= INFORMATION SUPPLIED =
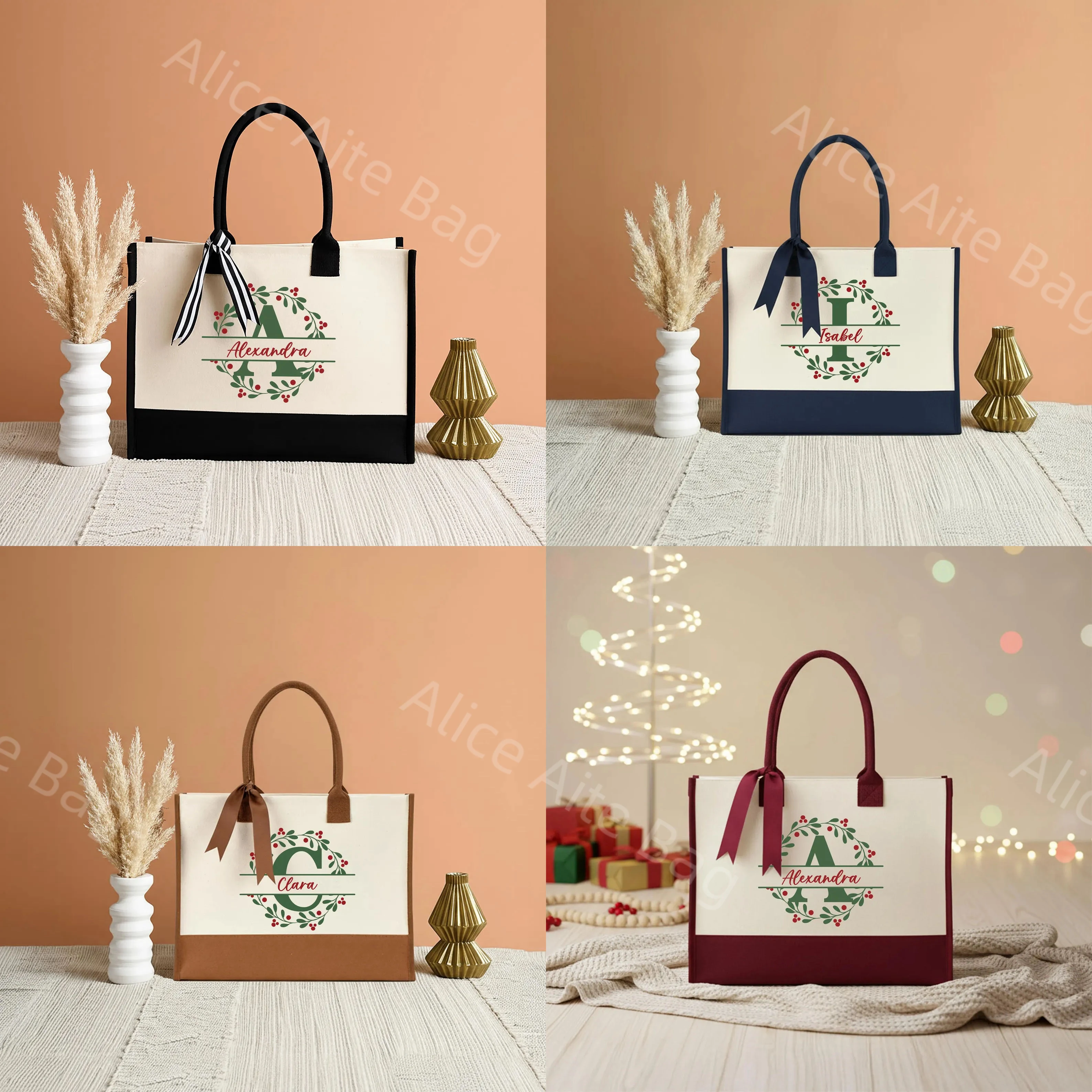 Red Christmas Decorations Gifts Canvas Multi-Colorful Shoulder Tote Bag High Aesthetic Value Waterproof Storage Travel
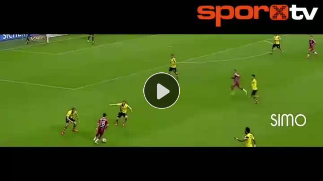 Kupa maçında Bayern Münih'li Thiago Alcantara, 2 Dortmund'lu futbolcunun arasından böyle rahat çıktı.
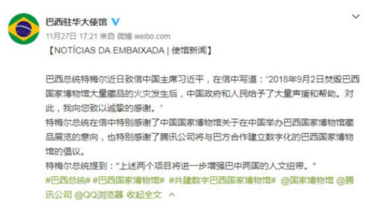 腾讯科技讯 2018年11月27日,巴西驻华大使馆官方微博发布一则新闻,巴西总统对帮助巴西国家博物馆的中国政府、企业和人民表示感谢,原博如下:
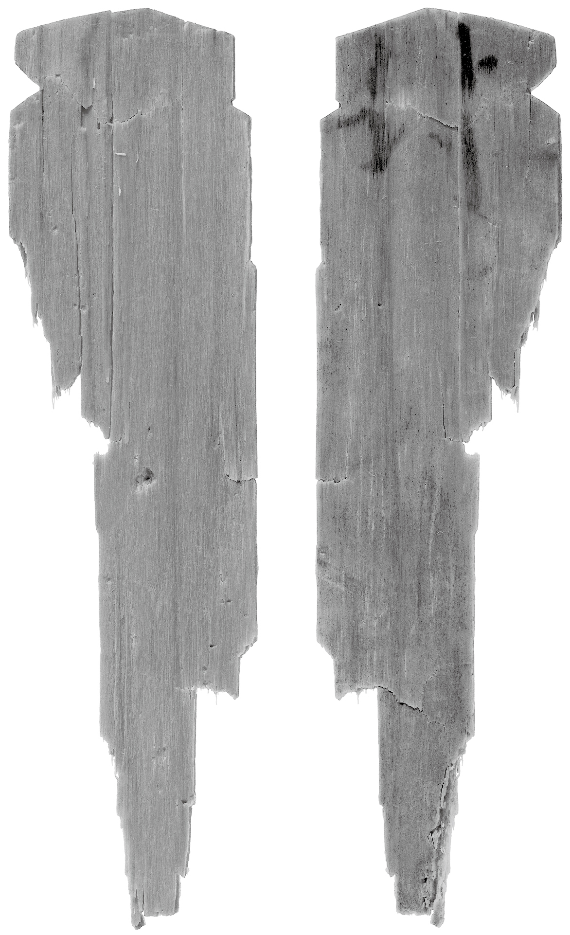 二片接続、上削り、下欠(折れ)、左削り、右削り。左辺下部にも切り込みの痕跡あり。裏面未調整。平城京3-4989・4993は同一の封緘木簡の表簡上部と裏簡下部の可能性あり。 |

= YOUR INSTRUCTIONS =
Please reproduce the lines exactly from the one containing "Kupa maçında Bayern" through the last line of the data above, and keep the pictures out.

= ANSWER =
 Kupa maçında Bayern Münih'li Thiago Alcantara, 2 Dortmund'lu futbolcunun arasından böyle rahat çıktı.
 腾讯科技讯 2018年11月27日,巴西驻华大使馆官方微博发布一则新闻,巴西总统对帮助巴西国家博物馆的中国政府、企业和人民表示感谢,原博如下:
 二片接続、上削り、下欠(折れ)、左削り、右削り。左辺下部にも切り込みの痕跡あり。裏面未調整。平城京3-4989・4993は同一の封緘木簡の表簡上部と裏簡下部の可能性あり。 |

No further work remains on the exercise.